I am working with a PyTorch model (AutoModelForCausalLM) using the transformers library and encountering a RuntimeError related to tensor types and operator support. Here’s a simplified version of my code:
import torch
import requests
from PIL import Image
from IPython.display import display
from transformers import AutoModelForCausalLM, LlamaTokenizer
# Load tokenizer and model
tokenizer = LlamaTokenizer.from_pretrained('lmsys/vicuna-7b-v1.5')
model = AutoModelForCausalLM.from_pretrained(
'THUDM/cogvlm-chat-hf',
torch_dtype=torch.float16, # Using torch.float16
low_cpu_mem_usage=True,
trust_remote_code=True
).eval()
def generate(query: str, img_url: str, max_length: int = 2048) -> str:
image = Image.open(requests.get(img_url, stream=True).raw).convert('RGB')
display(image)
# Generate token inputs
inputs = model.build_conversation_input_ids(tokenizer, query=query, history=[], images=[image], template_version='vqa')
# Convert tensors to appropriate types
input_ids = inputs['input_ids'].unsqueeze(0).to(torch.long)
token_type_ids = inputs['token_type_ids'].unsqueeze(0).to(torch.long)
attention_mask = inputs['attention_mask'].unsqueeze(0).to(torch.float16)

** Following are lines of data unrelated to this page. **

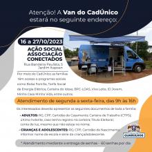 Para reforçar a atuação de programas sociais no Jardim Itapoan, a Van do CadÚnico leva ao bairro a ação social Associação Conectados, a partir desta segunda-feira (16) até o próximo dia 27.
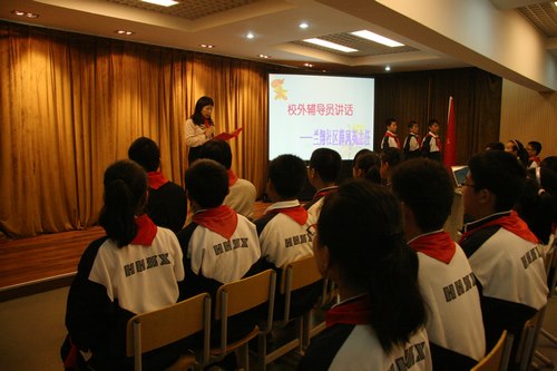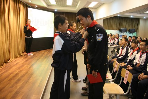 在聘任仪式上,学校党支部书记蒋顺国宣读了聘任决定:聘任杜涌涛教导员为法制副校长,聘任薛凤英主任、路亚北部长为校外辅导员,并向他们颁发了聘书。少先队员代表为他们佩戴上了鲜艳的红领巾。薛凤英主任发表了热情洋溢的讲话,她向全体少先队员提出从小树立远大理想,从小养成优良品德,从小锻炼强健体魄的希望。
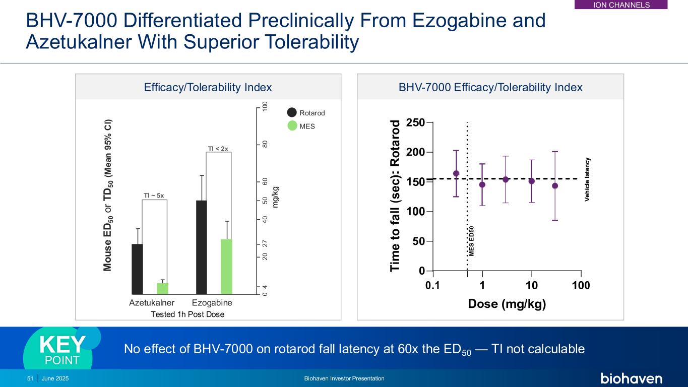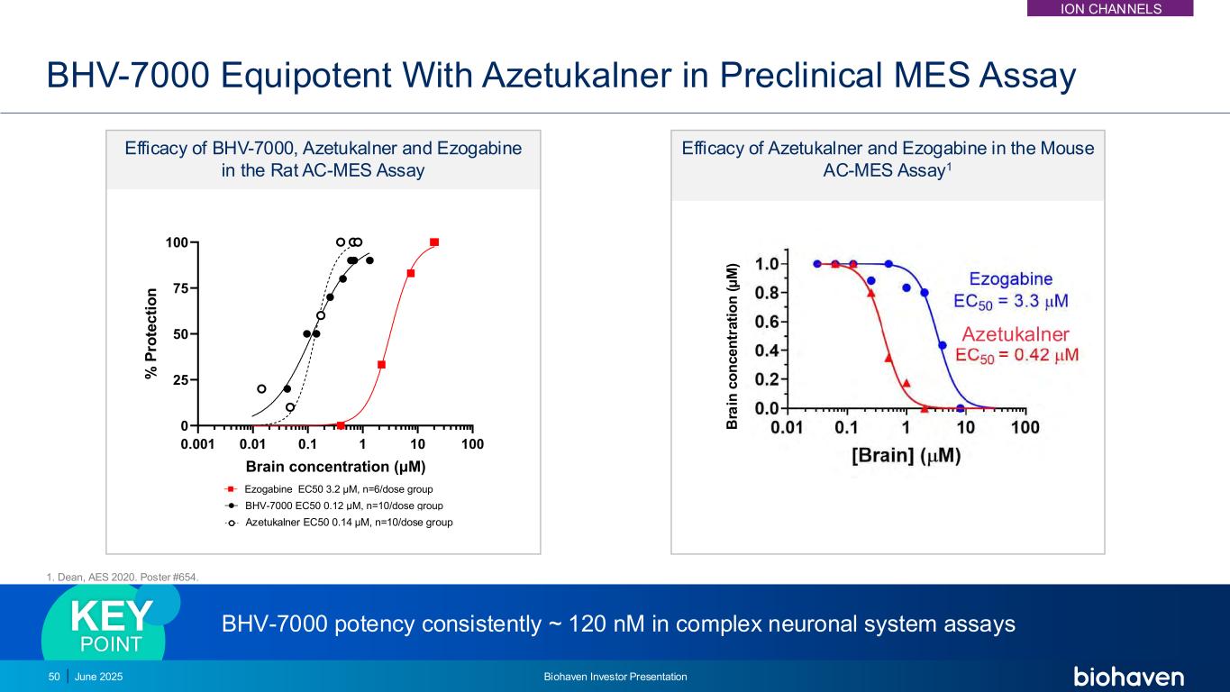 BHV-7000 potency consistently ~ 120 nM in complex neuronal system assaysKEY  POINT BHV-7000 Equipotent With Azetukalner in Preclinical MES Assay Efficacy of BHV-7000, Azetukalner and Ezogabine  in the Rat AC-MES Assay 0.001 0.01 0.1 1 10 100 0 25 50 75 100 Maximal Electroshock Model (rat) Brain concentration (μM) %  P ro te c ti o n BHV-7000 EC50 0.12 μM, n=10/dose group XEN1101 EC50 0.14 μM, n=10/dose group Ezogabine  EC50 3.2 μM, n=6/dose group 0.001 0.01 0.1 1 10 100 0 25 50 75 100 Maximal Electroshock Model (rat) Brain concentration (μM) %  P ro te c ti o n BHV-7000 EC50 0.12 , n=10/dose group XEN1101 EC50 0.14 μM, n=10/dose group Ezogabine  EC50 3.2 μM, n=6/dose group Efficacy of Azetukalner and Ezogabine in the Mouse  AC-MES Assay1 1. Dean, AES 2020. Poster #654.  Azetukalner EC50 0.14 μM, n=10/dose group   Azetukalner   50 B ra in  c o n c e n tr a ti o n  ( μ M ) June 2025 Biohaven Investor Presentation ION CHANNELS
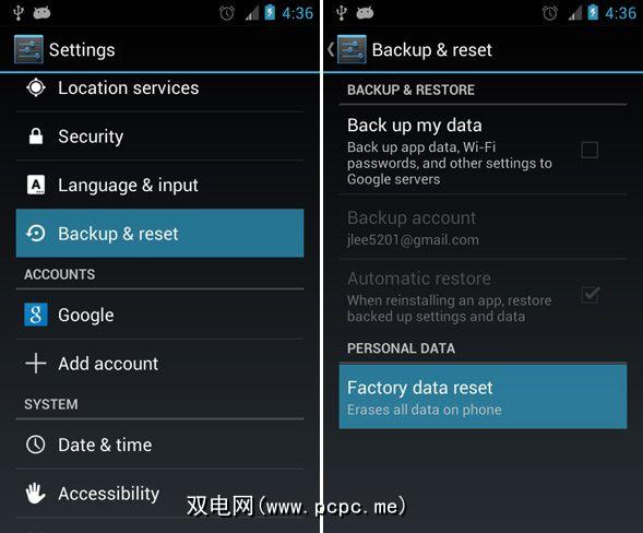 在恢复出厂设置之前,请确保备份所有重要数据。如果不确定如何做,请阅读下一节。此外,在非标准ROM上使用出厂重置可能会导致意外行为。
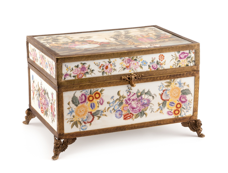 A Sevres Style Gilt Bronze Mounted Porcelain Casket Width 13 inches.
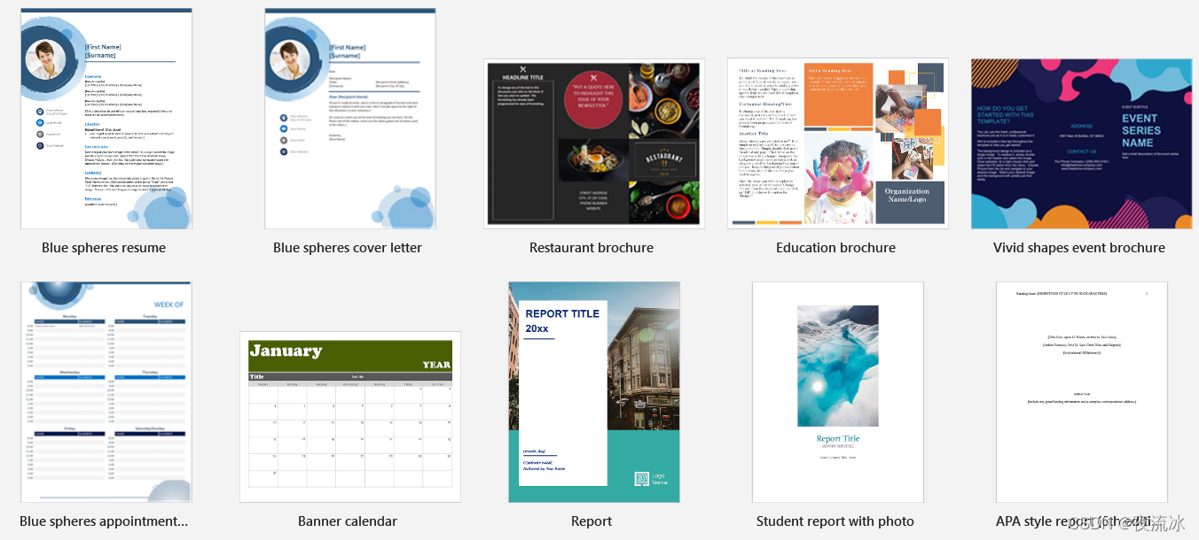 这里面有日历、简历、约会日程表、宣传册、报告、证书、奖状、信头、聚会邀请单。
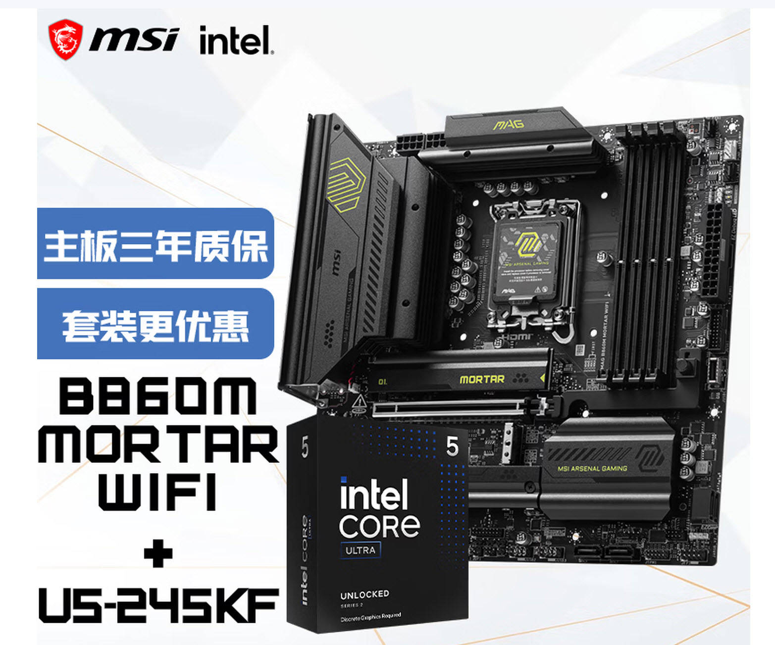 先给大家快速梳理一下英特尔(intel)酷睿Ultra5 245KF处理器在2025年的综合表现——作为intel第15代Ultra 200S系列的中端主力型号,这款堪称“新时代中端标杆”,它既延续了intel在游戏性能和稳定性上的传统优势,又在架构、工艺、能效比上实现了全方位升级,同时精准避开了高端型号的溢价陷阱,定价卡在1500元左右的黄金价位,是2026年多数中端装机用户的首选CPU。在2026年硬件市场竞争白热化的环境下,它一边压制着AMD同级别的R5 9600X,一边替代了前代i5 14600KF的市场地位,无论是单独购买,还是搭配微星B860M迫击炮主板组成套装,都有着极高的性价比,尤其是套装价格往往能做到2900-3000元区间,比单独购买两者节省200-300元,真正实现“CPU加主板,价格更划算”,彻底打破“上市价虚高”的刻板印象,成为2025年中端DIY平台的“流量担当”。
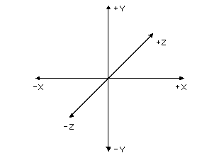 OpenGL의 3차원 공간은 다음과 같은 좌표계로 정의되어 있다.
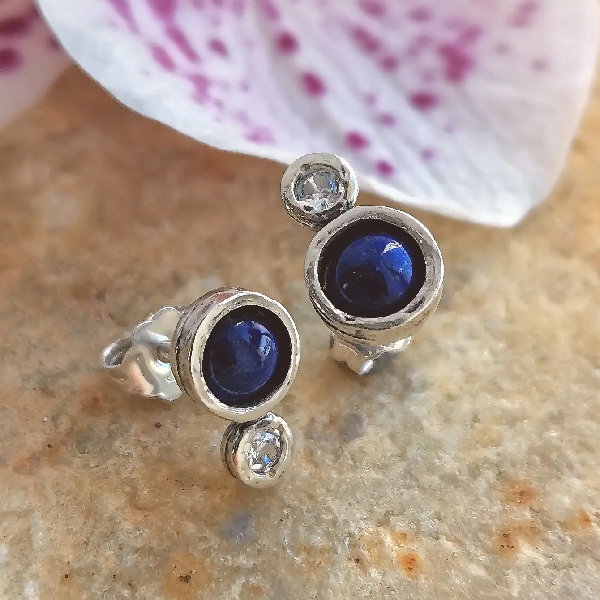 Серьги из серебра 925 пробы, вставка лазурит, куб.циркон. Диаметр: бирюза 5 мм, куб.циркон 2 мм. Длина серег 15 мм. Средний вес изделия 2 гр. Производство Израиль.
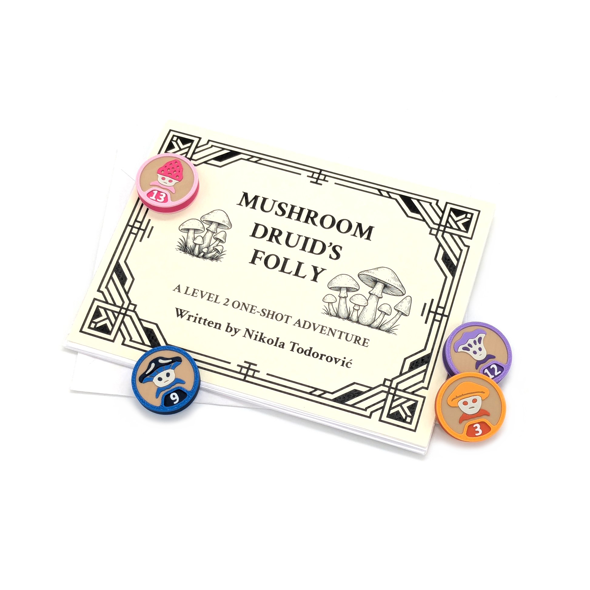 Start Playing Now: The set includes the free one-shot "Mushroom Druid's Folly", written by Nikola Todorović, that uses the tokens, so that you can get right to playing!
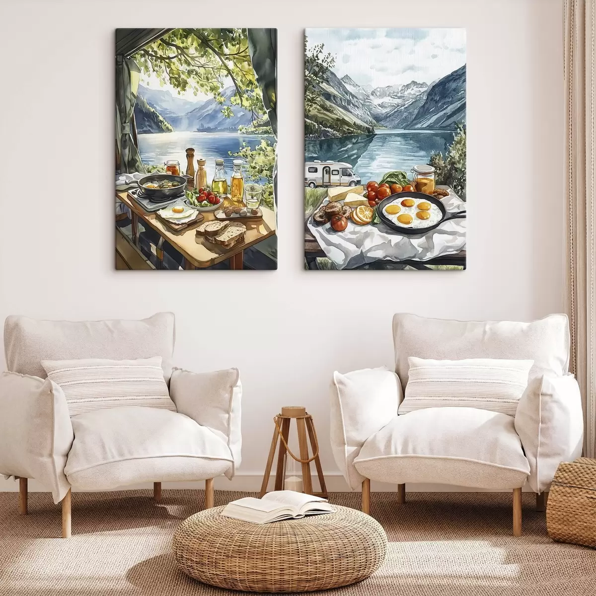 Obraz Kempovanie, estetické raňajky pri jazere, akvarel Nr. m00405
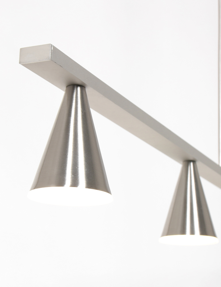 Sitzt man gerade am Tisch, ist das Licht zu hell. Wieder aufstehen, zum Dimmer gehen. Die stahlfarbene “Vortex” von Steinhauer kann direkt am Armatur gedimmt und in der Farbe verändert werden. Diese Fünflichtleuchte mit trichterförmigen Schirmen ist nicht nur praktisch, sondern auch ein echter Hingucker. Dein schön gedeckter Tisch war noch nie so angenehm beleuchtet!
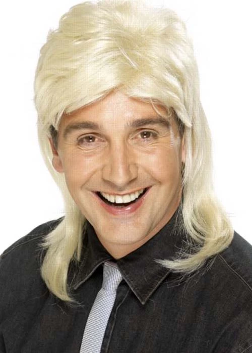 1980s rock star style mens fancy dress blonde jason style mullet wig, comes on an elasticated net to fit different sizes.
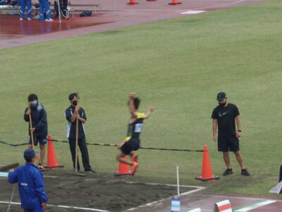 今日は学総陸上競技市内予選会2日目。一昨日と打って変わって、小雨が断続的に降り気温も低いコンディションの中競技が行われました。午前中には跳躍種目、午後には1年走り幅跳びや1500m、リレーが行われます。
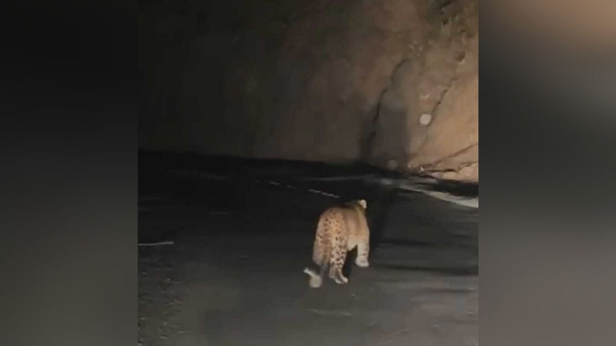 छिबरो पावर हाउस के पास मंगलवार देर शाम सड़क पर चहलकदमी करता दिखा गुलदार। ग्रामीण
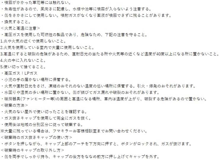 ・屋外において草むら、庭木まわり、物陰、地面等に噴霧する場合は、風上から、噴射量を加減して使用する等注意して1~2秒ずつ断続的に噴霧する。
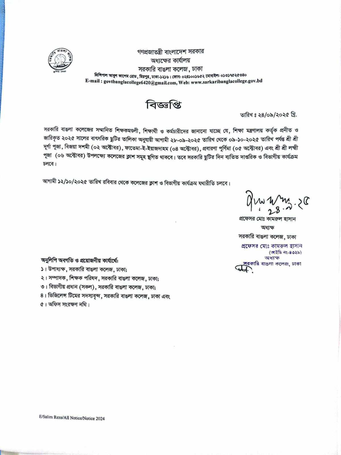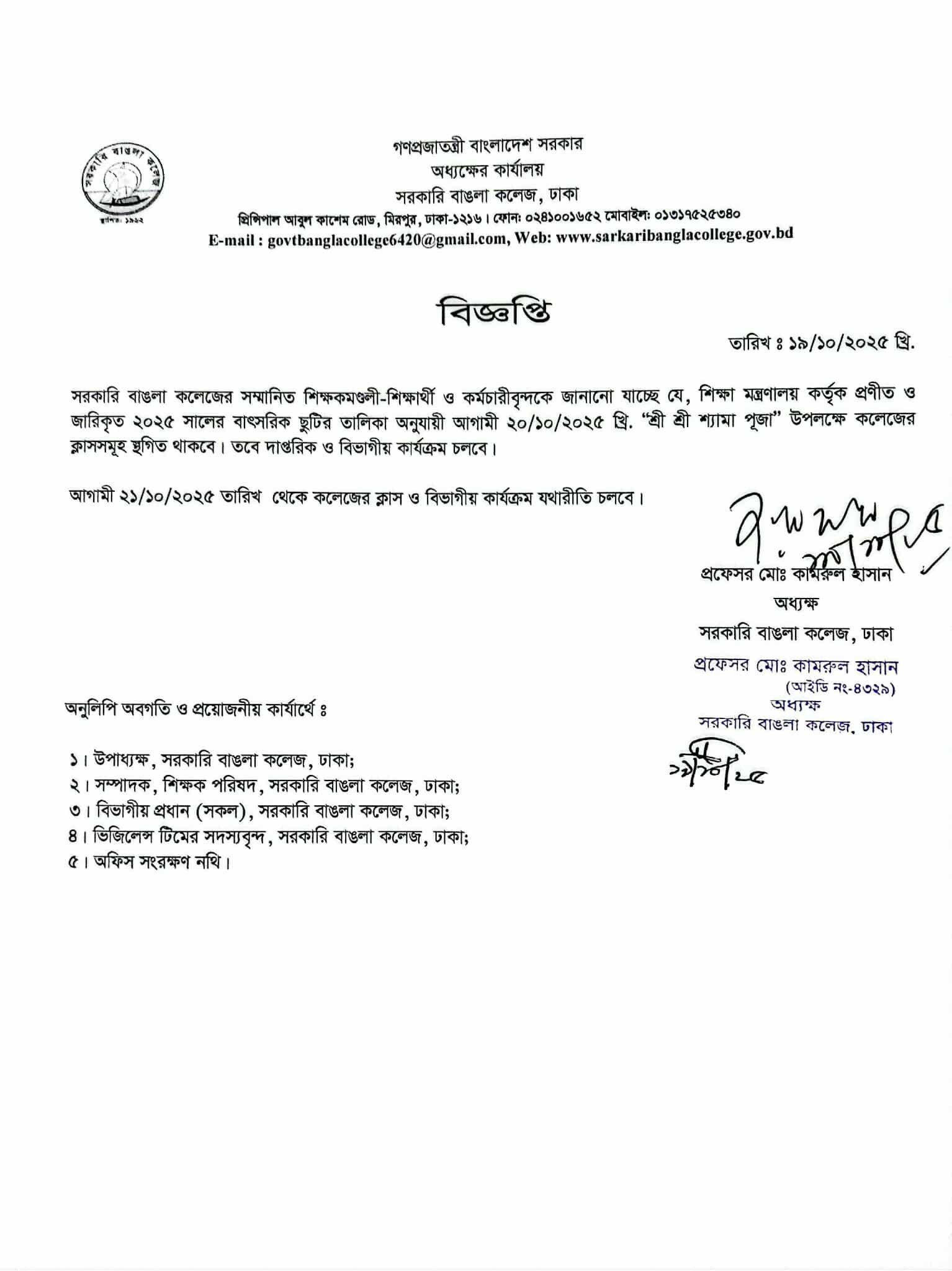 শ্রী শ্রী দূর্গা পূজা, বিজয়া দশমী, ফাতেমা-ই-ইয়াজদাহম, প্রবারণা পূর্ণিমা এবং শ্রী শ্রী লক্ষ্মী পূজা উপলক্ষ্যে ছুটি সংক্রান্ত বিজ্ঞপ্তি
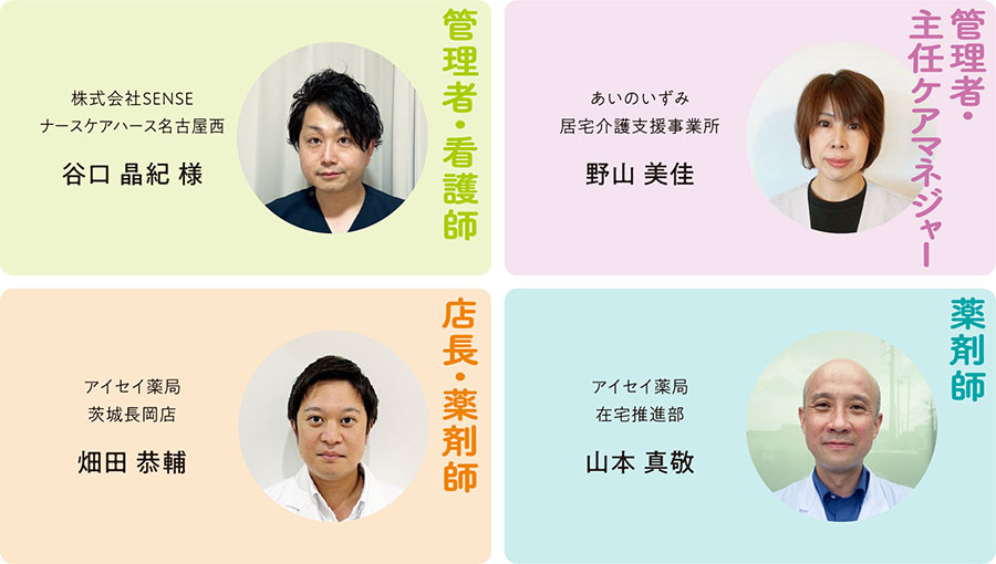在宅医療の現場では、医師・看護師・ケアマネジャー・薬剤師など多職種が連携し、専門性を活かして患者さま・ご利用者さま一人ひとりを支えています。より安心で質の高い医療を実現するために、今回は訪問看護師、ケアマネジャー、薬剤師による座談会を行いました。
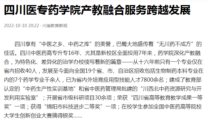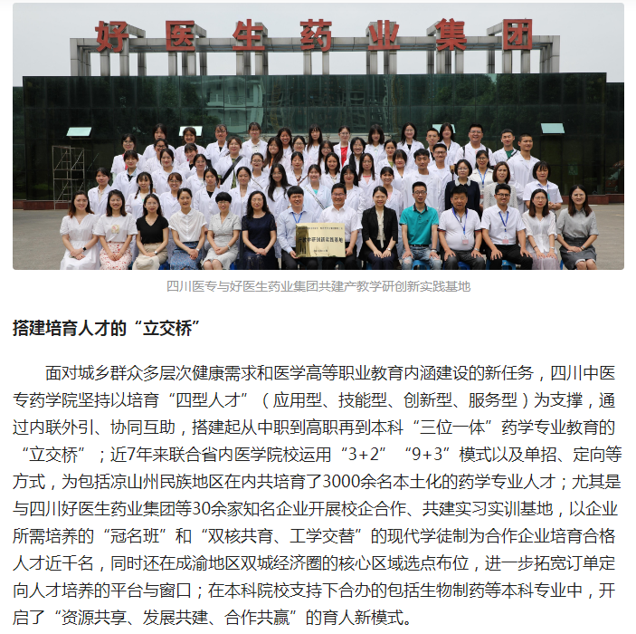 今日头条:四川医专药学院产教融合服务跨越发展

images = [[inputs['images'][0].to(torch.float16)]]
inputs = {
'input_ids': input_ids,
'token_type_ids': token_type_ids,
'attention_mask': attention_mask,
'images': images,
}
gen_kwargs = {"max_length": max_length, "do_sample": False}
with torch.no_grad():
outputs = model.generate(**inputs, **gen_kwargs)
outputs = outputs[:, input_ids.shape[1]:]
return tokenizer.decode(outputs[0])
query = 'Describe this image in detail'
img_url = 'https://i.ibb.co/x1nH9vr/Slide1.jpg'
generate(query, img_url)
Above code throws throws the following error:
NotImplementedError: No operator found for `memory_efficient_attention_forward` with inputs:
query : shape=(1, 1226, 16, 112) (torch.float16)
key : shape=(1, 1226, 16, 112) (torch.float16)
value : shape=(1, 1226, 16, 112) (torch.float16)
attn_bias : <class 'NoneType'>
p : 0.0
`ck_decoderF` is not supported because:
device=cpu (supported: {'cuda'})
operator wasn't built - see `python -m xformers.info` for more info
`ckF` is not supported because:
device=cpu (supported: {'cuda'})
operator wasn't built - see `python -m xformers.info` for more info
I’m trying to use torch.float16 tensors with my PyTorch model on CPU (device=cpu). The model is loaded with torch.float16 using AutoModelForCausalLM from the transformers library. However, I encounter the NotImplementedError stating that the memory_efficient_attention_forward operator isn’t supported on CPU with torch.float16.
Is there a way to make memory_efficient_attention_forward work with torch.float16 on CPU? Are there alternative approaches or configurations I should consider to resolve this issue?
I am trying to run this on a MacBook PRO with Intel Core i7 processor.